Information-Theoretic Foundations for Machine Learning
Hong Jun Jeon, Benjamin Van Roy
TL;DR
The paper advances an information-theoretic, Bayesian framework for understanding learning by linking predictive performance to mutual information and rate-distortion bounds. It develops a general machinery to bound the irreducible and reducible components of estimation error across iid, sequential, meta-learning, and misspecified settings, with concrete results for linear, logistic, deep, and nonparametric models. By modeling data streams with latent parameters and using rate-distortion theory, it provides explicit bounds that scale with problem dimensions, data size, and model complexity, offering a principled way to anticipate sample efficiency and compute-coverage tradeoffs. The framework illuminates how information flows from data to predictions, informs bounds for minimax and meta-learning scenarios, and connects learning performance to optimal lossy compression, thereby guiding future theory and algorithm design in diverse ML contexts.
Abstract
The progress of machine learning over the past decade is undeniable. In retrospect, it is both remarkable and unsettling that this progress was achievable with little to no rigorous theory to guide experimentation. Despite this fact, practitioners have been able to guide their future experimentation via observations from previous large-scale empirical investigations. In this work, we propose a theoretical framework which attempts to provide rigor to existing practices in machine learning. To the theorist, we provide a framework which is mathematically rigorous and leaves open many interesting ideas for future exploration. To the practitioner, we provide a framework whose results are simple, and provide intuition to guide future investigations across a wide range of learning paradigms. Concretely, we provide a theoretical framework rooted in Bayesian statistics and Shannon's information theory which is general enough to unify the analysis of many phenomena in machine learning. Our framework characterizes the performance of an optimal Bayesian learner as it learns from a stream of experience. Unlike existing analyses that weaken with increasing data complexity, our theoretical tools provide accurate insights across diverse machine learning settings. Throughout this work, we derive theoretical results and demonstrate their generality by apply them to derive insights specific to settings.
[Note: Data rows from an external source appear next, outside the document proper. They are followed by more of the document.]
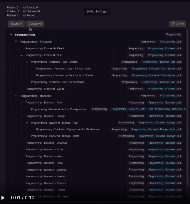 Collapsible tree outline with clickable wiki links. Toggle between current file or topmost parent as root. Supports bullet-list hierarchies as an alternative to frontmatter properties.
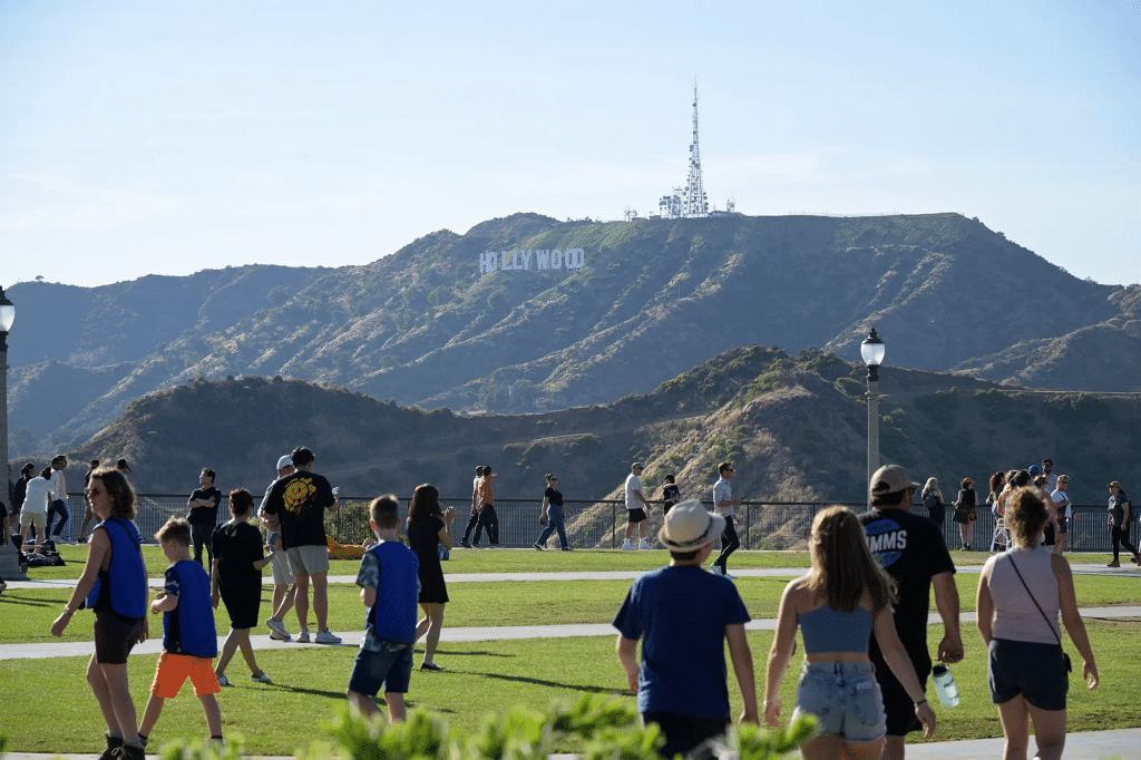 People visit the Griffith Observatory with the Hollywood sign in the background in Los Angeles on July 13, 2023. Photo by Phelan M. Ebenhack via AP
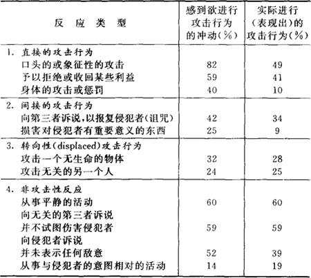 释义 | 愤怒-反应研究 美国社会心理学研究者艾夫里尔1983年发表的一项关于愤怒情绪与行为反应的实验研究。 他对160人在产生愤怒情绪时的行为反应进行调查,发现愤怒与反应之间的关系如表。该研究有助于了解暴力行为发生的心理机制。 (注:表内数字表示个体在感到愤怒的事件中(n=160)想要表现或实际表现出的攻击行为的次数。 如在所有让被试感到愤怒的事件中,82%的次数表示其有进行攻击行为的冲动,而实际实施攻击行为的次数占49%。) |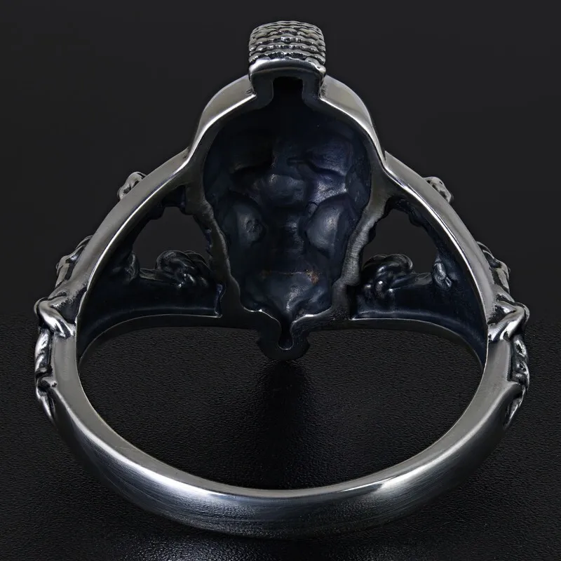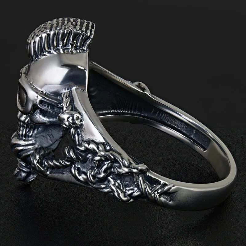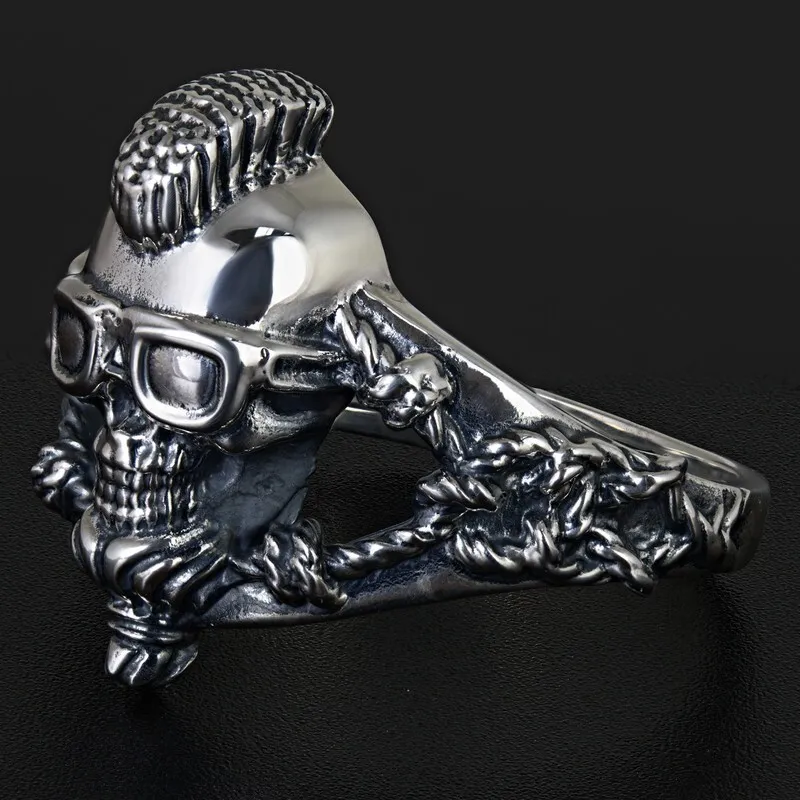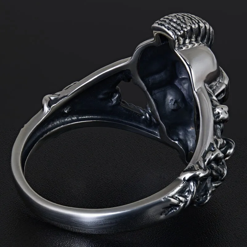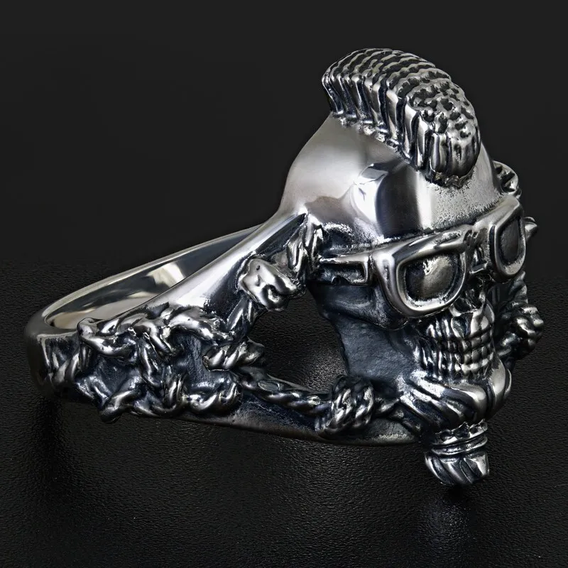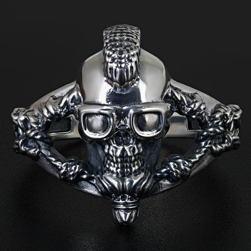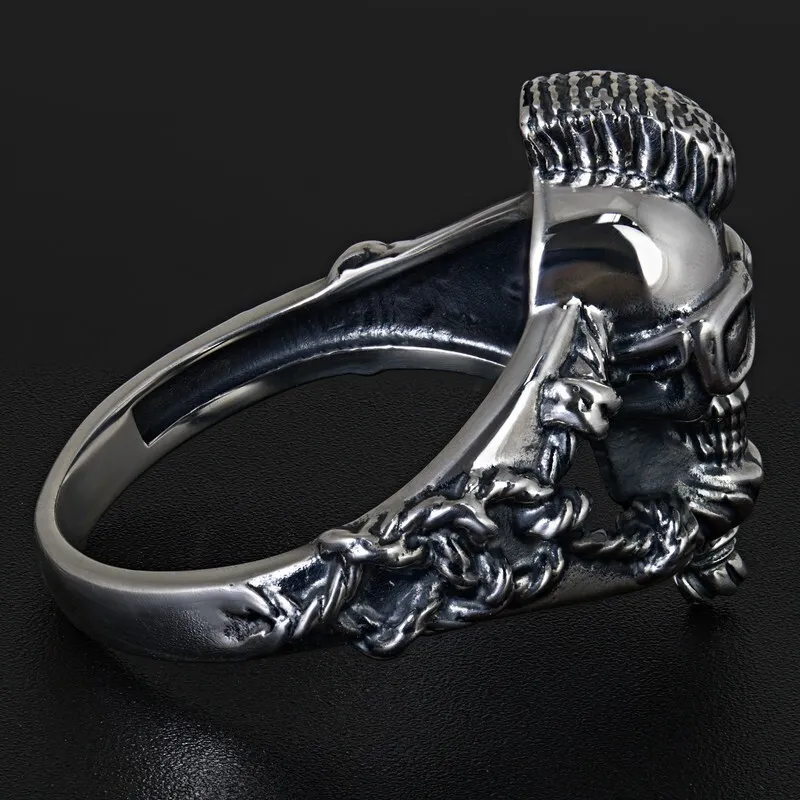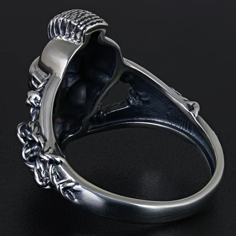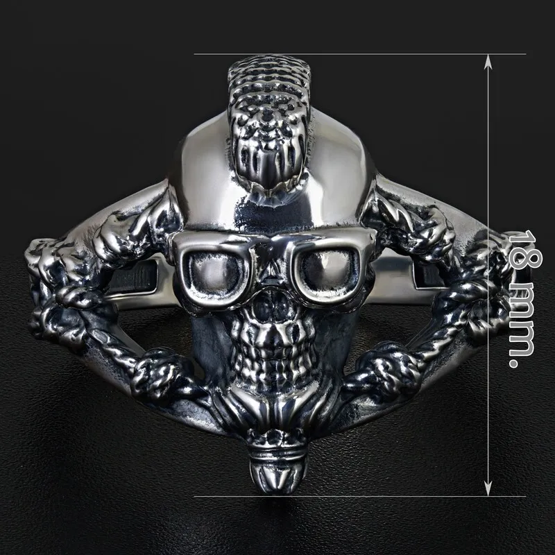 Серебряное мужское кольцо с черепом - Панк. Поверхность зачерненная и отполированная. Размер лицевой части: 18 мм. Средний вес изделия 4.93 гр. Все изделия собственного производства, гарантия 12 месяцев. Арт. 8120 Знак черепа широко распространен во многих культурах, чаще всего он является символом бессмертия и пути спасения. У кельтов это был знаком защищающим от злых сил, дарующий здоровье и успех. Символом защиты от смерти является для тех чей образ жизни связан с риском. В Русской Императорской армии символика черепа впервые использовалась в Отечественной войне 1812 года. Конный полк Петербургского ополчения назывался «Смертоносным» или «Бессмертным» полком. У чинов этой части головные уборы были украшены серебряными черепами.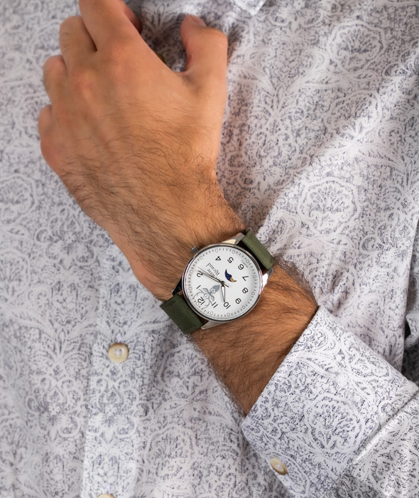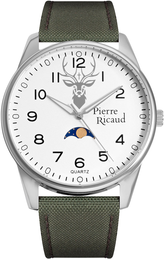 Современные мужские часы в классическом оформлении — отличный выбор для тех, кто ценит стиль и комфорт. Мужские наручные часы. Индикатор фазы Луны. Метки в виде арабских цифр. Стрелки с люминесцентным покрытием, которое светится в темноте после непродолжительной зарядки на свету. Рифленая заводная головка. Тканевый ремешок на кожаной основе с классической застежкой.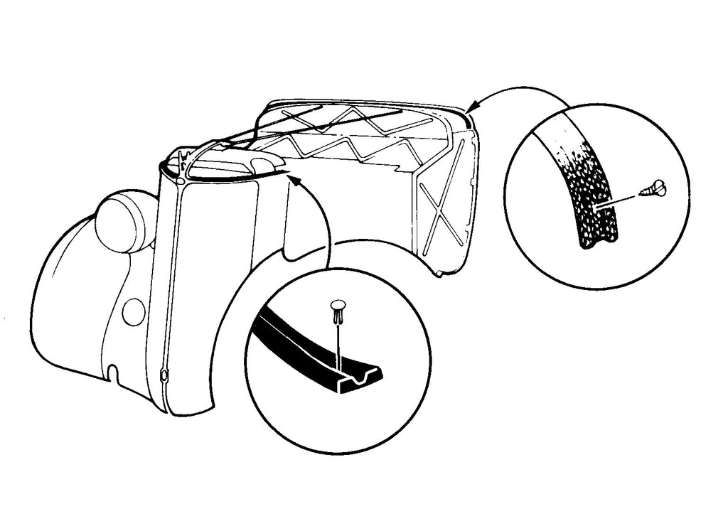 Made of black dense rubber in the same profile shape of the original, this lace forms a cushioning seal between the grille and hood. Includes special brass split rivets.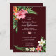 Lush Tropical Garden Flowers Deep Burgundy Wedding Invitation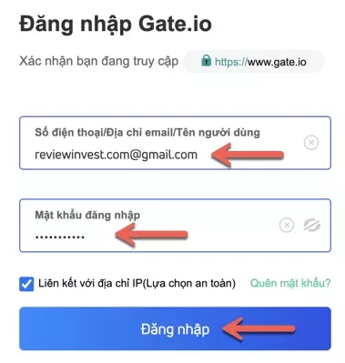 Bước 1: Nhập thông tin Email và Password vừa đăng ký để đăng nhập vào tài khoản Gate.io: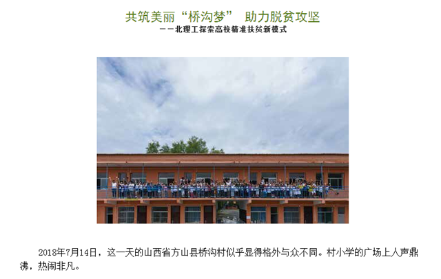 【科学新闻】共筑美丽“桥沟梦” 助力脱贫攻坚——北理工探索高校精准扶贫新模式

These settings range from learning from data which is independently and identically distributed under an unknown distribution, to data which is sequential, to data which exhibits hierarchical structure amenable to meta-learning, and finally to data which is not fully explainable under the learner's beliefs (misspecification). These results are particularly relevant as we strive to understand and overcome increasingly difficult machine learning challenges in this endlessly complex world.